When a person receives a cancer diagnosis, diet often becomes a source of significant confusion. The question of whether to consume milk is one of the most frequent concerns, creating anxiety for patients and their caregivers. This concern stems from circulating information about potential links between dairy components and tumor growth, which often conflicts with milk’s established nutritional value. Clear, evidence-based guidance is needed to manage the physical demands of treatment and recovery effectively.
Understanding the Milk and Cancer Controversy
The primary concern regarding milk consumption and cancer often centers on Insulin-like Growth Factor-1 (IGF-1). This naturally occurring growth factor promotes cell division. Because of this function, some theories suggest that consuming dairy could potentially fuel cancer growth or recurrence, especially in hormone-sensitive cancers.
However, the scientific consensus suggests the direct contribution of IGF-1 from cow’s milk to cancer risk is likely small. The amount of IGF-1 in milk is minimal compared to what the human body naturally produces. Studies indicate that most IGF-1 found in milk is degraded by digestive enzymes in the stomach, meaning very little is absorbed intact into the bloodstream. While some studies link high dairy intake to increased prostate cancer risk, the evidence is mixed for other cancers, and some research suggests dairy may reduce the risk of colorectal cancer.
Milk’s Nutritional Contribution During Treatment
Milk and dairy products offer a concentrated source of nutrients that can significantly aid in recovery during treatment. The protein content in milk is particularly valuable, providing approximately 8 grams per cup. This high-quality protein is necessary for counteracting muscle wasting, known as cachexia, a common side effect of many treatments.
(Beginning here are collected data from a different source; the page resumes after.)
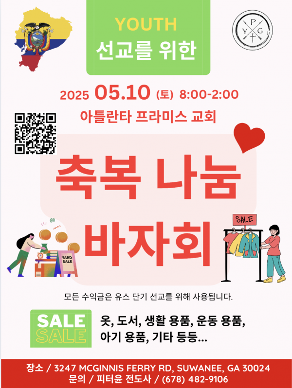 모든수익금은 11월 에콰도르로 떠나는 청소년 선교 활동을 위해 사용됩니다!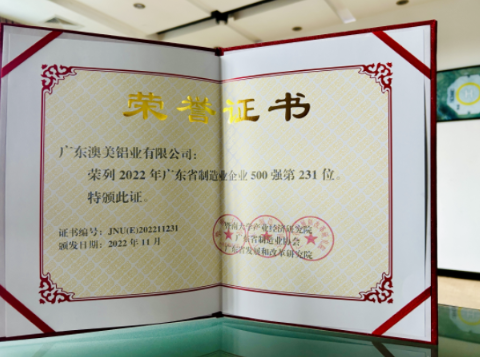近日,在廣東省制造業(yè)協(xié)會發(fā)展年會暨廣東省制造業(yè)500強(qiáng)企業(yè)峰會上,公司獲評為2022年廣東省制造業(yè)500強(qiáng)企業(yè),位列第231位。該榜單通過公開數(shù)據(jù)采集調(diào)查及核實等方式獲取年度數(shù)據(jù),并由主辦方組織專家對申報企業(yè)進(jìn)行實地考察,按照入圍條件和參照國際通行評價準(zhǔn)則,經(jīng)評審專家委員會審定發(fā)布。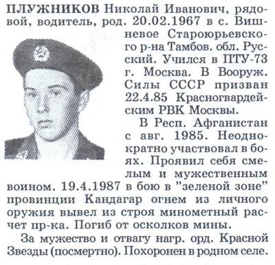 Плужников был первым солдатом 3 роты в 1987 году, погибшим не от подрыва мины, а в открытом бою, но к сожалению, не последний.
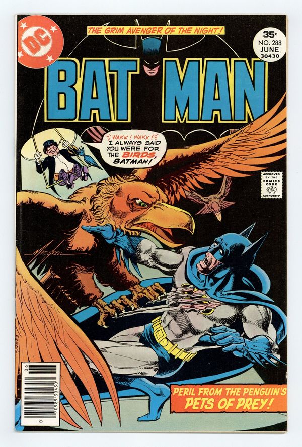 Starts Jun 8 Last 30-cent cover price. Cover art by Mike Grell. The Maltese Cup Cake Hostess snack cakes ad with Wonder Woman. "Batman-Ex--As in Extinct!", script by David Vern (as David V. Reed), pencils by Mike Grell, inks by Bob Wiacek; The Penguin uses robots of extinct birds or ancestors of birds, starting with a robot pterosaur, top commit crimes; The robot cracks out of a Napoleon statue at Gotham's La Galerie; Batman destroys the robot bird, but Penguin and his gang pull off a jewel robbery; Penguin sends an archeopteriz robot to panic the crowds at Gotham City Music Hall where a movie about Machiavelli is playing; Meanwhile, his gang robs a diner on 1805 Hamilton Street; Batman captures the crooks, but then learns of an attack on the schooner Nelson by a robot Diatryma. Statement of ownership; Average # of copies sold previous year: 178,000. Text article with photograph of publisher Jenette Kahn. Walt Simonson profile by Mike Gold. 36 Pages, Full Color. Cover price $0.30.

Adequate protein intake is also needed for tissue repair following surgery or radiation, and for maintaining immune function. Milk is a convenient source of calcium and Vitamin D, which are important for bone health often compromised during cancer therapy. Since certain treatments may lead to bone density loss, the calcium and Vitamin D found in fortified milk are important for prevention. For patients struggling with appetite and unintended weight loss, choosing whole milk or adding milk powder to foods provides much-needed calories and fat to prevent malnutrition.
Addressing Digestive Challenges Caused by Treatment
Milk consumption can become challenging due to side effects caused by chemotherapy or radiation. These treatments can damage the cells lining the small intestine responsible for producing the lactase enzyme. This damage can result in acquired lactose intolerance, causing symptoms like gas, bloating, and diarrhea after consuming dairy.
If new digestive symptoms arise, patients do not need to eliminate dairy entirely. A practical first step is switching to lactose-free milk, which has the lactase enzyme already added to break down the milk sugar. Over-the-counter lactase enzyme drops or tablets can also be taken just before consuming dairy to help with digestion. Many patients tolerate dairy products like yogurt and hard cheeses because the fermentation process naturally reduces their lactose content.
Comparing Dairy and Non-Dairy Alternatives
When digestive issues persist or a patient chooses to avoid dairy, understanding the nutritional differences among alternatives is important. Standard cow’s milk provides a robust nutritional profile, containing about 8 grams of protein per serving, alongside natural calcium and often added Vitamin D. This profile is difficult to match with most plant-based options.
Among the alternatives, fortified soy milk offers the most comparable nutritional profile, providing similar protein, calcium, and Vitamin D. Due to this similarity, fortified soy milk is often the only plant-based beverage included in federal dairy guidelines. Other popular alternatives, such as almond and oat milk, typically contain significantly less protein, often less than 1 gram per serving. These lower-protein options are suitable for hydration or recipes, but they are not effective substitutes for the protein needed to prevent muscle loss during treatment.